(DATA TO EXAMINE begins)
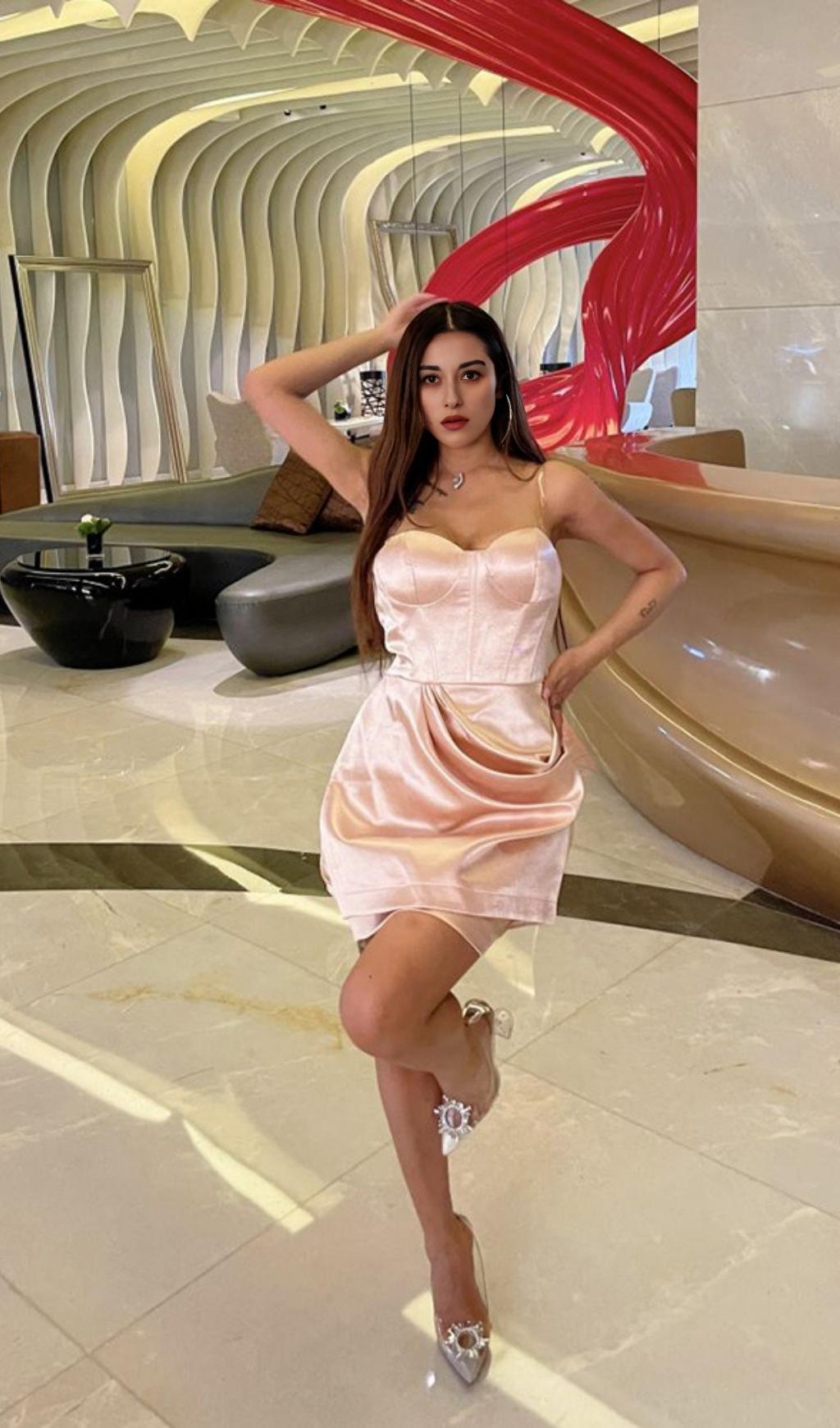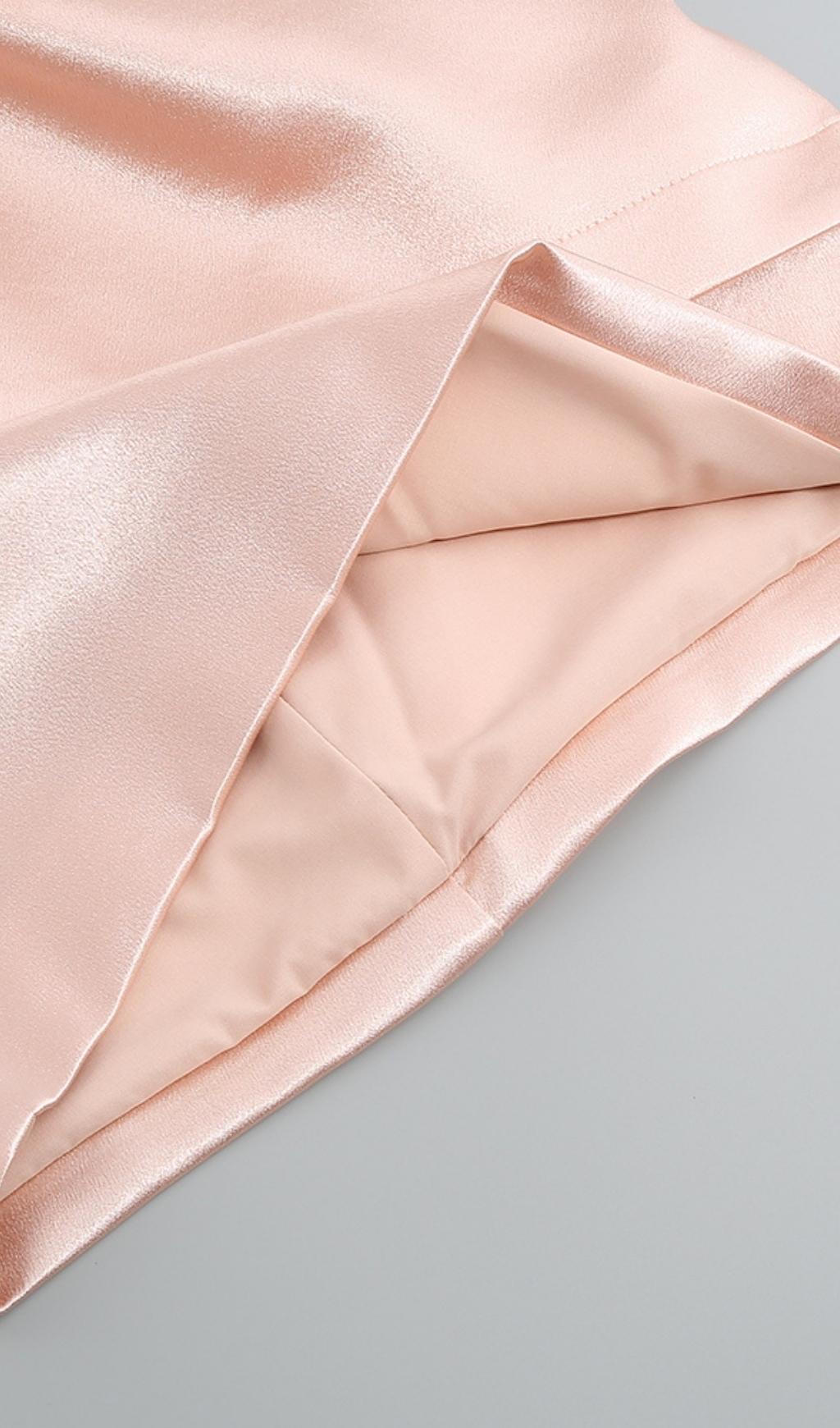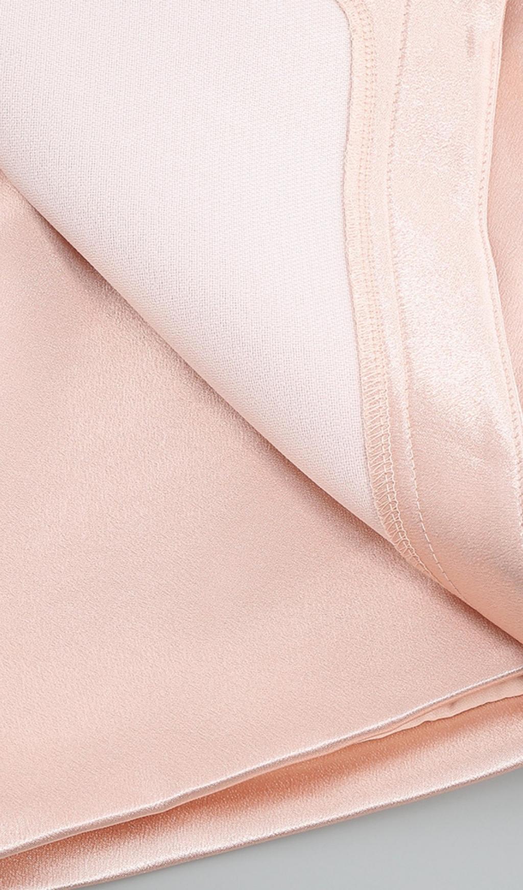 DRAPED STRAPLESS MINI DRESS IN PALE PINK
(DATA TO EXAMINE ends)
(DATA TO EXAMINE begins)
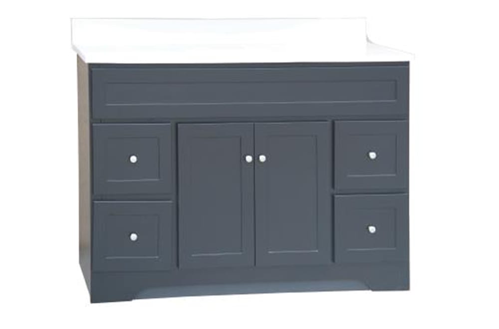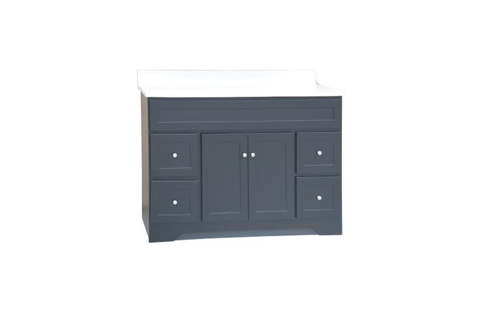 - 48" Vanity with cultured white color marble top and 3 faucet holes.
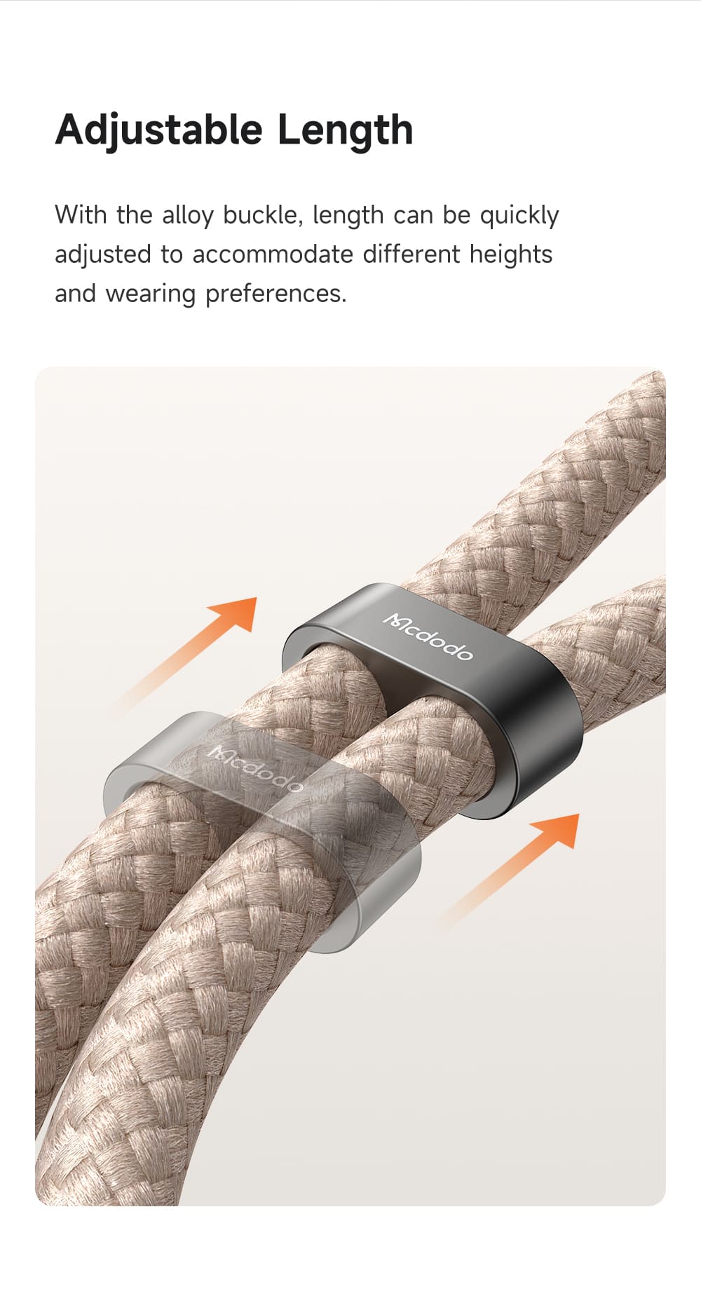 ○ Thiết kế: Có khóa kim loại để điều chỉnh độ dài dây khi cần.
(DATA TO EXAMINE ends)
(DATA TO EXAMINE begins)
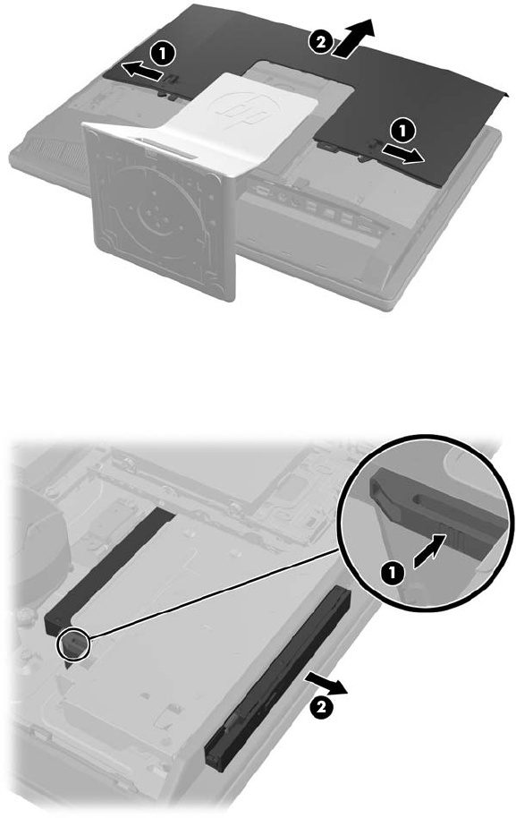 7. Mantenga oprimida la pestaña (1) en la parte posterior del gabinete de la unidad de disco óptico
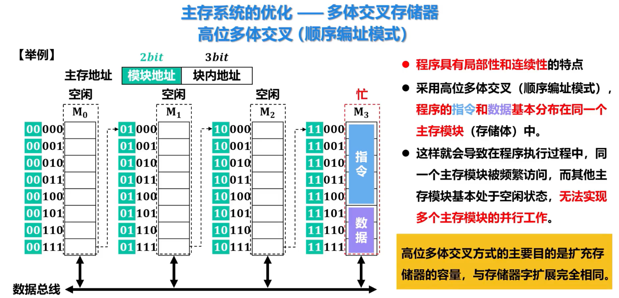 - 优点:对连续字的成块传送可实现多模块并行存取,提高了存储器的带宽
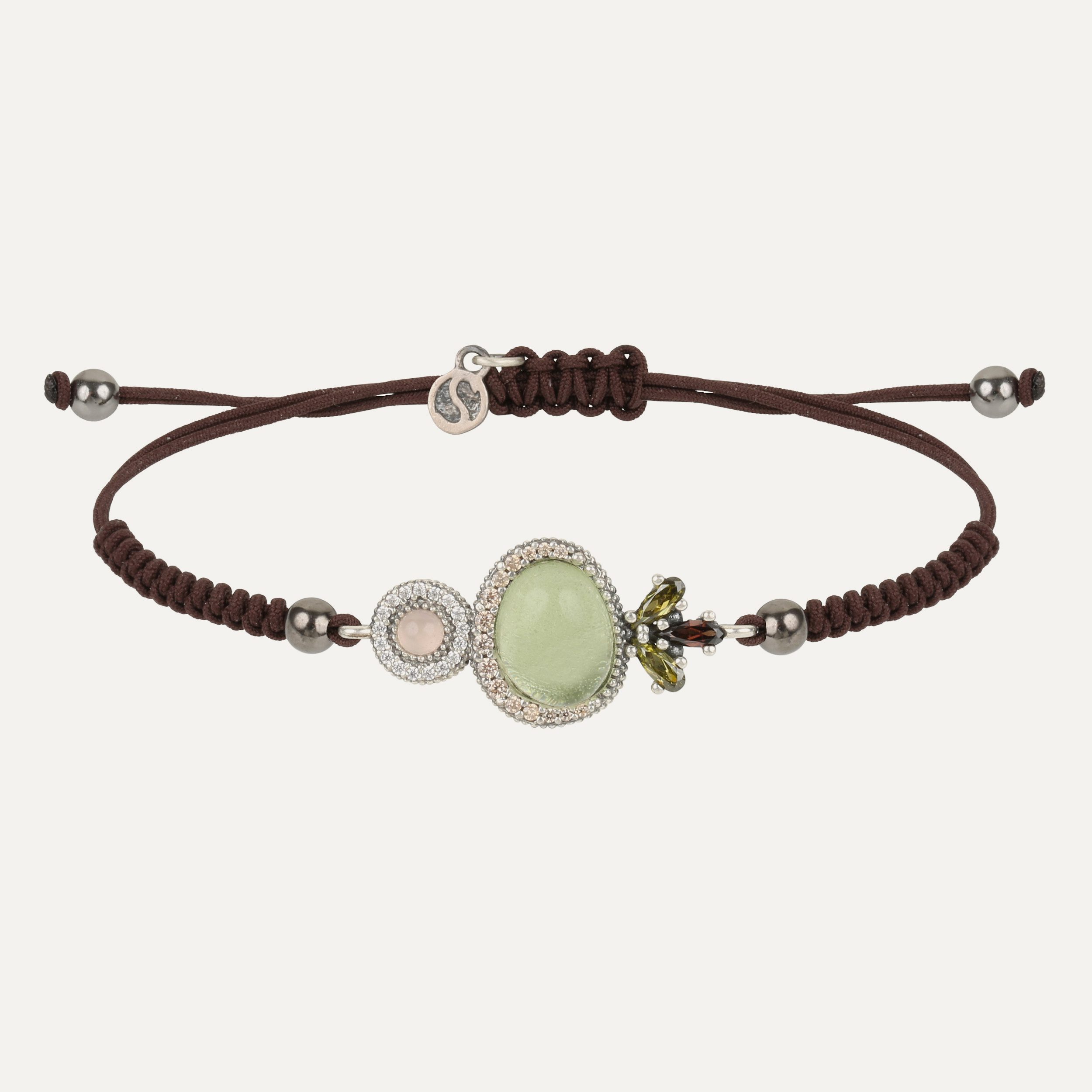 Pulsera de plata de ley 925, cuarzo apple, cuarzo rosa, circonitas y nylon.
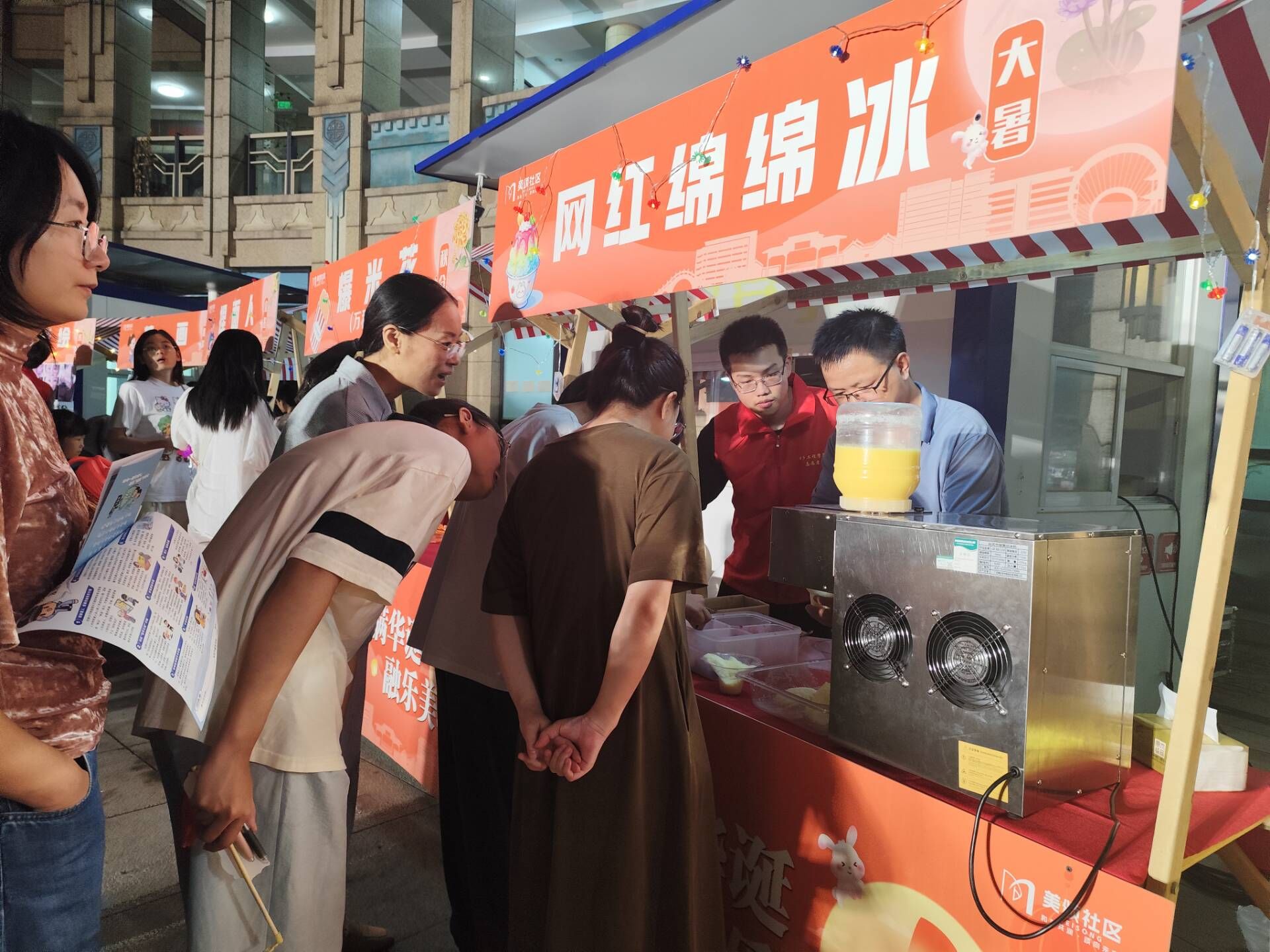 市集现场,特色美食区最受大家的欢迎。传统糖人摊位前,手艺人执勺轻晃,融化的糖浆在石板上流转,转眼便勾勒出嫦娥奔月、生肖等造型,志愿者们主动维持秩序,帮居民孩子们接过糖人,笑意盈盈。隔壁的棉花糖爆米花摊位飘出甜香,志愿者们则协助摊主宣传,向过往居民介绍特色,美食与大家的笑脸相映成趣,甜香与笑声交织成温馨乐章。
(DATA TO EXAMINE ends)
The reply should hold exactly the lines above, starting at the line with "7. Mantenga oprimida" and ending at the line with "市集现场,特色美食区最受大家", and no pictures.

 7. Mantenga oprimida la pestaña (1) en la parte posterior del gabinete de la unidad de disco óptico
 - 优点:对连续字的成块传送可实现多模块并行存取,提高了存储器的带宽
 Pulsera de plata de ley 925, cuarzo apple, cuarzo rosa, circonitas y nylon.
 市集现场,特色美食区最受大家的欢迎。传统糖人摊位前,手艺人执勺轻晃,融化的糖浆在石板上流转,转眼便勾勒出嫦娥奔月、生肖等造型,志愿者们主动维持秩序,帮居民孩子们接过糖人,笑意盈盈。隔壁的棉花糖爆米花摊位飘出甜香,志愿者们则协助摊主宣传,向过往居民介绍特色,美食与大家的笑脸相映成趣,甜香与笑声交织成温馨乐章。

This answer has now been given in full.